MATERIAL TO PROCESS
*-*-*

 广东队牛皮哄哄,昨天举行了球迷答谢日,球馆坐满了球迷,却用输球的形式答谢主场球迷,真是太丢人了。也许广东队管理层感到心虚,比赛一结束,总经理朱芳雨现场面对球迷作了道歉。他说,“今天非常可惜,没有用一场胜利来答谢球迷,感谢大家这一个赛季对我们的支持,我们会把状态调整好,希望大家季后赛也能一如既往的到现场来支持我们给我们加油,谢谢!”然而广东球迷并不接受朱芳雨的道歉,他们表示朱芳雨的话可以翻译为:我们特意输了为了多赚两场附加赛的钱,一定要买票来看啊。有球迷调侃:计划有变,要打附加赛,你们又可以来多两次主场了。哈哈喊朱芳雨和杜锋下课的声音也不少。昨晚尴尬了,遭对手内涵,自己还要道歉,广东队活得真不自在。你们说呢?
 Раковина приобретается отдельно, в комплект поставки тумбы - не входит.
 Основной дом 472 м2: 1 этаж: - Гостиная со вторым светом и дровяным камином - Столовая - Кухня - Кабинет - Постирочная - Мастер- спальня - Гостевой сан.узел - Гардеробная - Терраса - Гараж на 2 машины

*-*-*

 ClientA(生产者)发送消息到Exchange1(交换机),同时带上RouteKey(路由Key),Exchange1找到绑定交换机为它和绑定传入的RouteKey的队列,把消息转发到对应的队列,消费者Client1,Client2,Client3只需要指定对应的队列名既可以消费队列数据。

*-*-*

EXERCISE
In the listing above, find the line with "Раковина приобретается отдельно, в" and the line with "Основной дом 472"; set down exactly those two lines and every line between them, nothing more.

SOLUTION
 Раковина приобретается отдельно, в комплект поставки тумбы - не входит.
 Основной дом 472 м2: 1 этаж: - Гостиная со вторым светом и дровяным камином - Столовая - Кухня - Кабинет - Постирочная - Мастер- спальня - Гостевой сан.узел - Гардеробная - Терраса - Гараж на 2 машины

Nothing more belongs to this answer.